[Dataset excerpts]
- - - - - - -
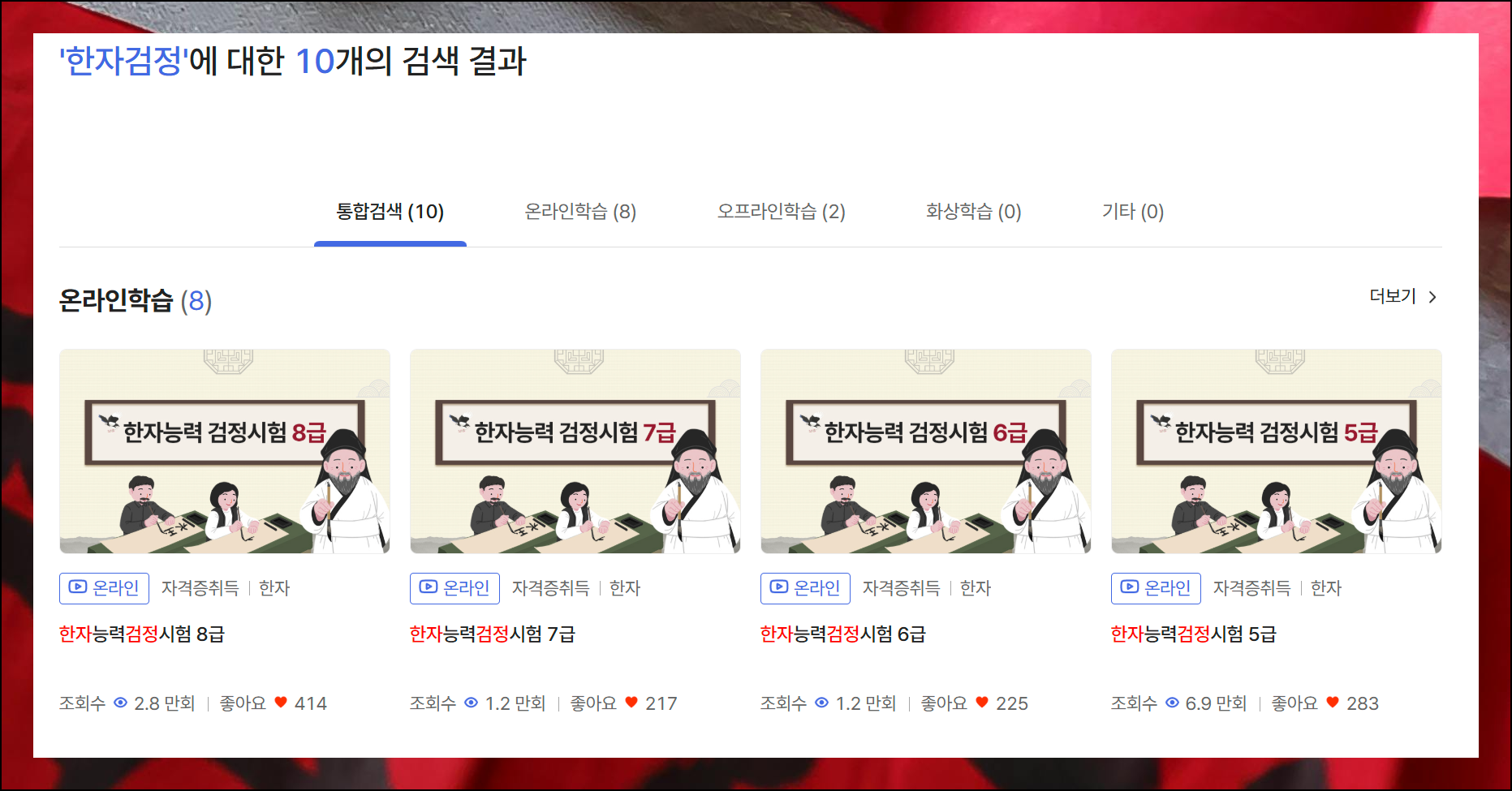 경기도 지식 사이트 메인 화면에서 우측 상단의 검색 기능을 이용하세요. "한자검정"이라고 키워드를 입력하면 관련 강의들이 바로 나타날 거예요. 찾는 과정이 복잡하지 않으니까 누구나 쉽게 접근할 수 있어요.
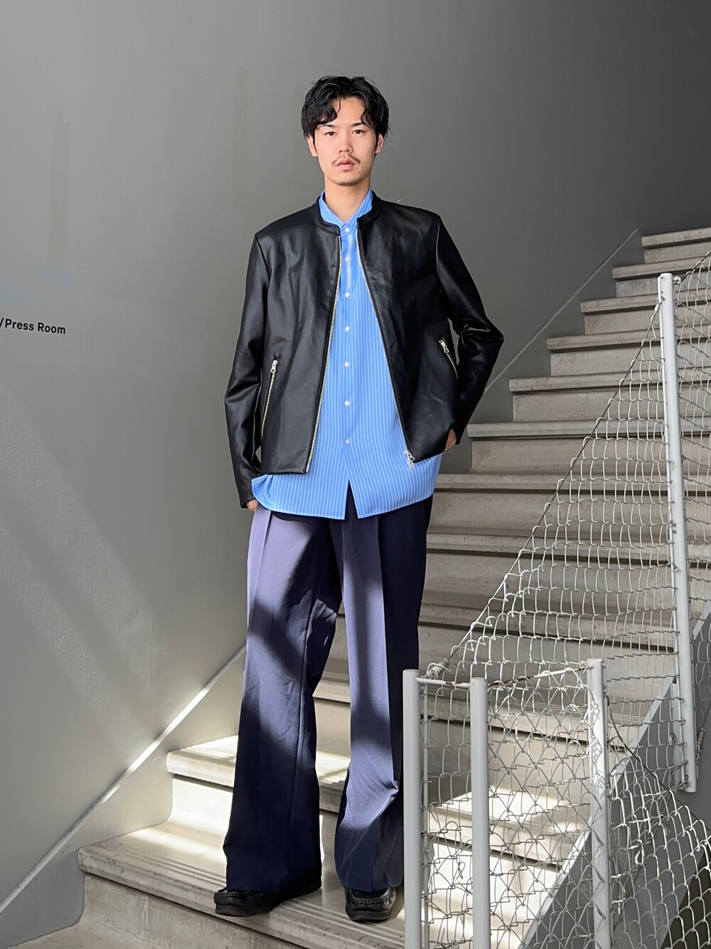 ライダースジャケットで渋さとフレアパンツでモードさを。 クールな印象もありつつもストライプシャツとワイドフレアパンツで今風な印象に。 ライダースはWEB限定のアイテムで本革調の見え感がポイントで非常にコスパの良い1着! オススメです!
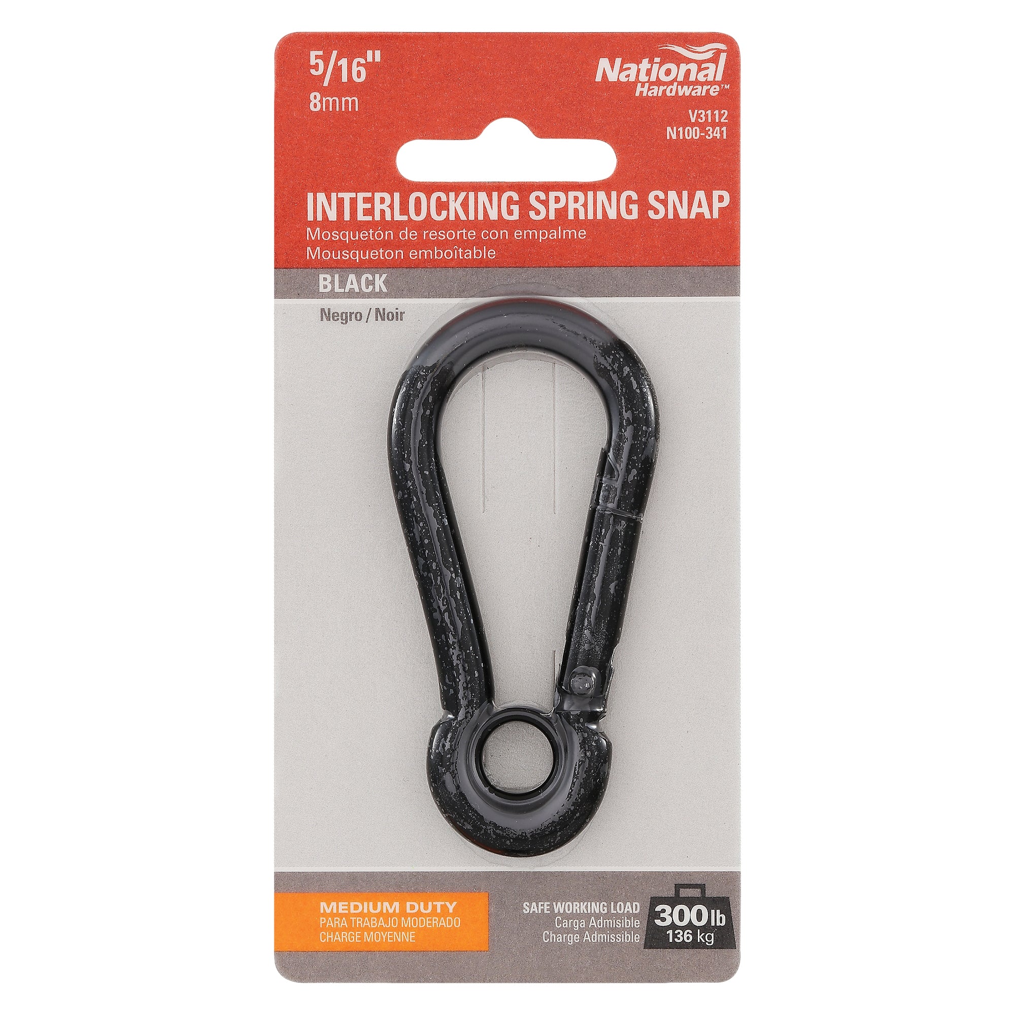 National Hardware Interlocking Spring Snap, Working Load Limit: 300 lb, Trade Size: 5/16 in, Snap Opening Size: 3/8 in, Wire Diameter: 5/16 in, Stainless Steel/Steel, Black, Dimensions: 3-5/32 in H x 1-19/32 in W, Suitable for: Rope
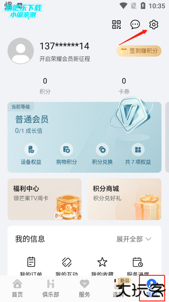 4、点击我的,可以查看设备权益、购物积分、积分兑换等权益,还可以查看订单、互动、收藏等;
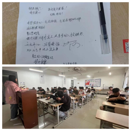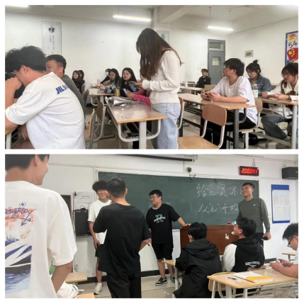 活动伊始,每组三个同学上台,可以喊自己的好朋友组队完成游戏,一位同学要通过手势来演绎黑板上的文字,另一位同学来猜,输的同学要讲述一件自认为最尴尬的事情;在“我的快,你不懂”活动中班长按学号随机抽取同学,被抽到的同学需要拉上自己一位好朋友,两人互相对视看谁先笑。活动过程中教室充满了欢声笑语,每个同学都积极融入其中。最后,每个人在纸上写下自己的烦恼或者解决方法,在其乐融融的氛围中结束了本次活动。
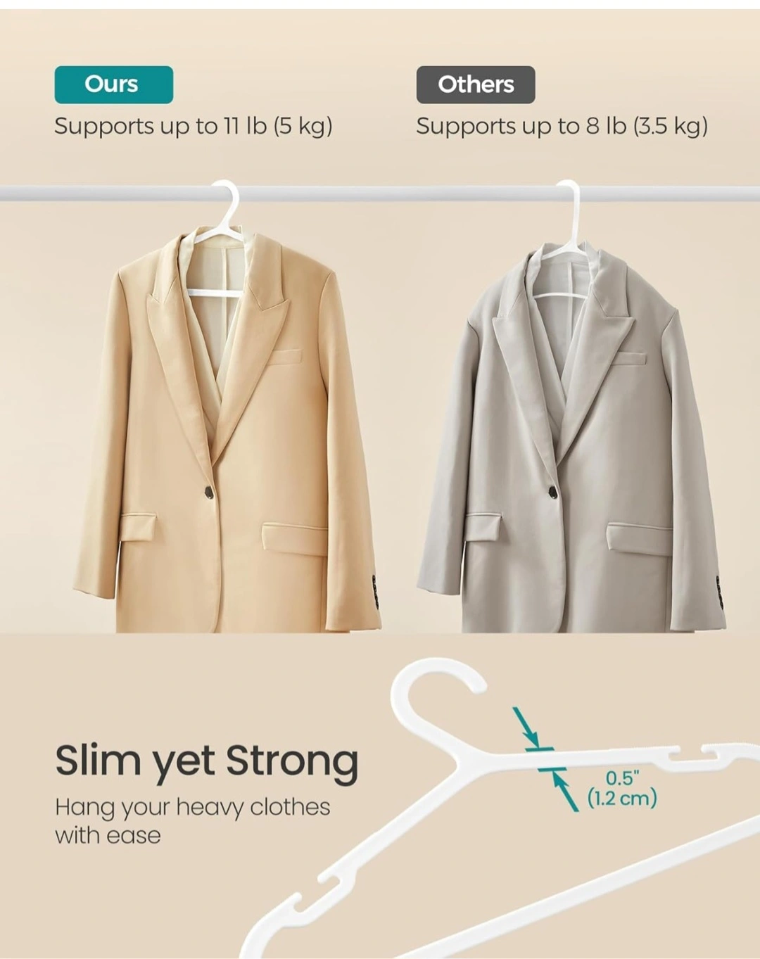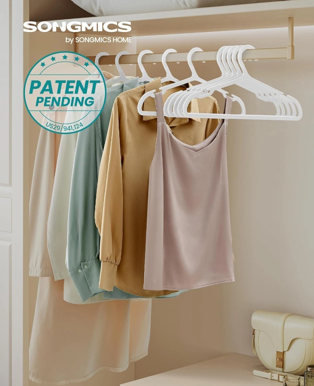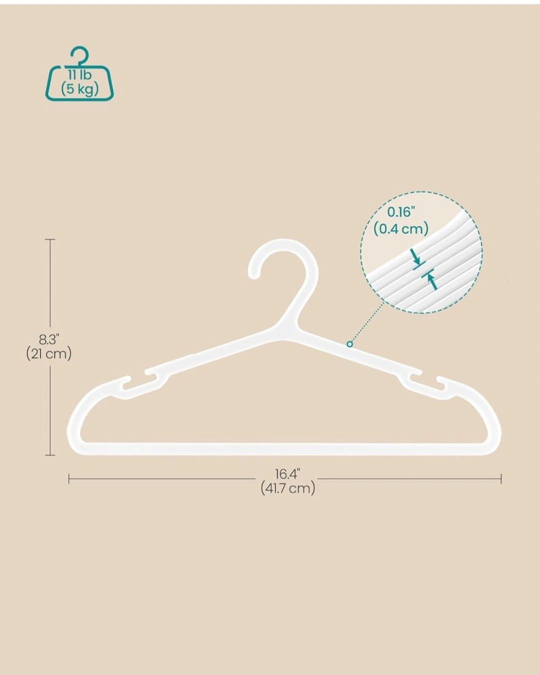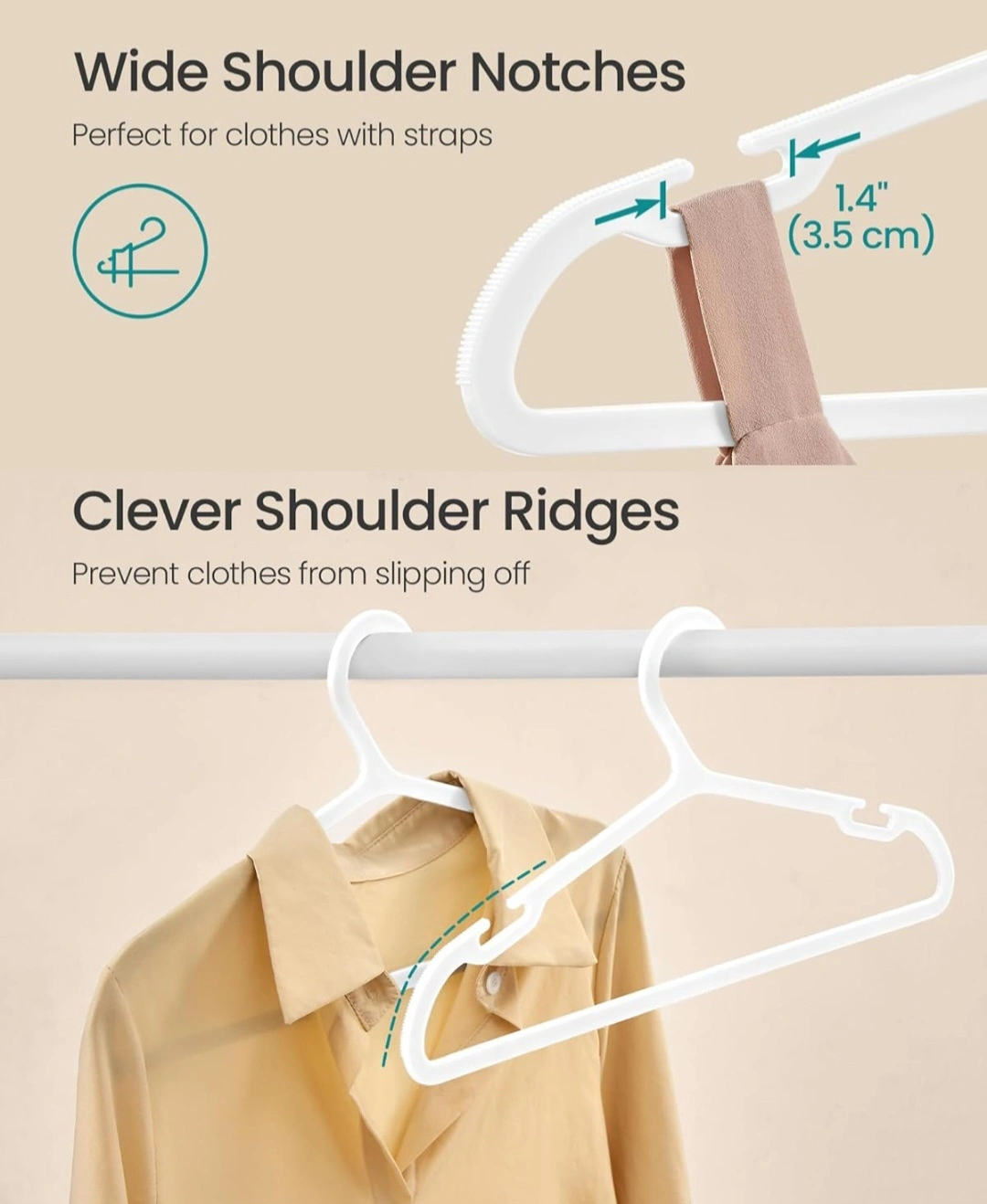 83SONGMICS Clothes Hangers, Pack of 50, Plastic Hangers, with Wide Shoulder Notches, Space-Saving Coat Hangers, 16.4 Inches Wide, for Closet, Cloud White UCRP010W01. 748
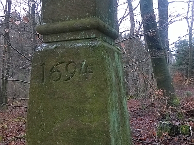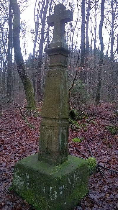 Am früheren Fußweg nach Balesfeld, nahe der Gemarkungsgrenze: 1694 datiertes Schaftkreuz, nur der diamantierte Sockel und der größte Teil des stark nach oben verjüngten Schaftes erhalten. Neues Abschlußkreuz. [1]
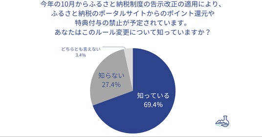 2025年10月から、ふるさと納税ポータルサイトが寄付者に対して独自に付与していたポイント還元や特典(次回利用時に使える割引ポイントやギフトなども含む)が禁止されます。このルール変更について「知っている」と回答した人は全体の69.4%にのぼり、ふるさと納税経験者の76.5%が9月末までにいわゆる"駆け込み寄付"を予定していることがわかりました。
- - - - - - -
Each record above is to be copied out exactly; its pictures are not.

* [Exercise response]:
 경기도 지식 사이트 메인 화면에서 우측 상단의 검색 기능을 이용하세요. "한자검정"이라고 키워드를 입력하면 관련 강의들이 바로 나타날 거예요. 찾는 과정이 복잡하지 않으니까 누구나 쉽게 접근할 수 있어요.
 ライダースジャケットで渋さとフレアパンツでモードさを。 クールな印象もありつつもストライプシャツとワイドフレアパンツで今風な印象に。 ライダースはWEB限定のアイテムで本革調の見え感がポイントで非常にコスパの良い1着! オススメです!
 National Hardware Interlocking Spring Snap, Working Load Limit: 300 lb, Trade Size: 5/16 in, Snap Opening Size: 3/8 in, Wire Diameter: 5/16 in, Stainless Steel/Steel, Black, Dimensions: 3-5/32 in H x 1-19/32 in W, Suitable for: Rope
 4、点击我的,可以查看设备权益、购物积分、积分兑换等权益,还可以查看订单、互动、收藏等;
 活动伊始,每组三个同学上台,可以喊自己的好朋友组队完成游戏,一位同学要通过手势来演绎黑板上的文字,另一位同学来猜,输的同学要讲述一件自认为最尴尬的事情;在“我的快,你不懂”活动中班长按学号随机抽取同学,被抽到的同学需要拉上自己一位好朋友,两人互相对视看谁先笑。活动过程中教室充满了欢声笑语,每个同学都积极融入其中。最后,每个人在纸上写下自己的烦恼或者解决方法,在其乐融融的氛围中结束了本次活动。
 83SONGMICS Clothes Hangers, Pack of 50, Plastic Hangers, with Wide Shoulder Notches, Space-Saving Coat Hangers, 16.4 Inches Wide, for Closet, Cloud White UCRP010W01. 748
 Am früheren Fußweg nach Balesfeld, nahe der Gemarkungsgrenze: 1694 datiertes Schaftkreuz, nur der diamantierte Sockel und der größte Teil des stark nach oben verjüngten Schaftes erhalten. Neues Abschlußkreuz. [1]
 2025年10月から、ふるさと納税ポータルサイトが寄付者に対して独自に付与していたポイント還元や特典(次回利用時に使える割引ポイントやギフトなども含む)が禁止されます。このルール変更について「知っている」と回答した人は全体の69.4%にのぼり、ふるさと納税経験者の76.5%が9月末までにいわゆる"駆け込み寄付"を予定していることがわかりました。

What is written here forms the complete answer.